Play Against Efficiency

A Synthetic Analysis of Children’s and Teachers’ Play as Resistance to Privatization and Control in U.S. Early Childhood Education

Authors

  • Robin Holly Oklahoma State University
  • Erin Dyke

Abstract

In our meta-ethnographic synthesis of two separate studies, we analyze the lived realities of early childhood educators and children in Oklahoma, U.S. navigating the persistent and intensifying pressures of efficiency and normative accountability metrics. Both studies are centrally concerned with advancing play-based curricular contexts in ECE, during the COVID-19 pandemic in Oklahoma, U.S. The first study engaged teacher action research with six pre-kindergarten-third grade Oklahoma teachers to understand how the increased pressures of standardized curricula and testing impacted teachers’ capacity to enact play-based learning.

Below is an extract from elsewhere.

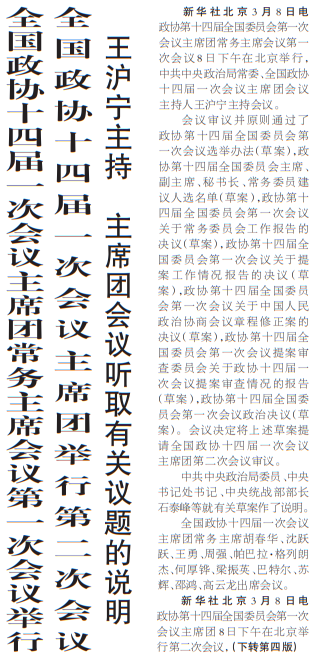 政协第十四届全国委员会第一次会议主席团常务主席会议第一次会议8日下午在北京举行,中共中央政治局常委、全国政协十四届一次会议主席团会议主持人王沪宁主持会议。(今日《人民日报》1版、4版)

The second undertook a two-year critical participatory ethnography with six ECE children in a pandemic homeschool cooperative. The study investigated practices of anti-authoritarian community and play-based inquiry as a process of authorizing children’s perspectives in their learning alongside the pressures of readying the children to return to public elementary school. Through an interpretive and iterative process, we suggest that play can be conceptualized as children’s and teachers’ educative enactment of public space-times and reclamation of agency and autonomy. We read and understand play as a form of resistance to curricular tendencies toward order, control, and top-down authority.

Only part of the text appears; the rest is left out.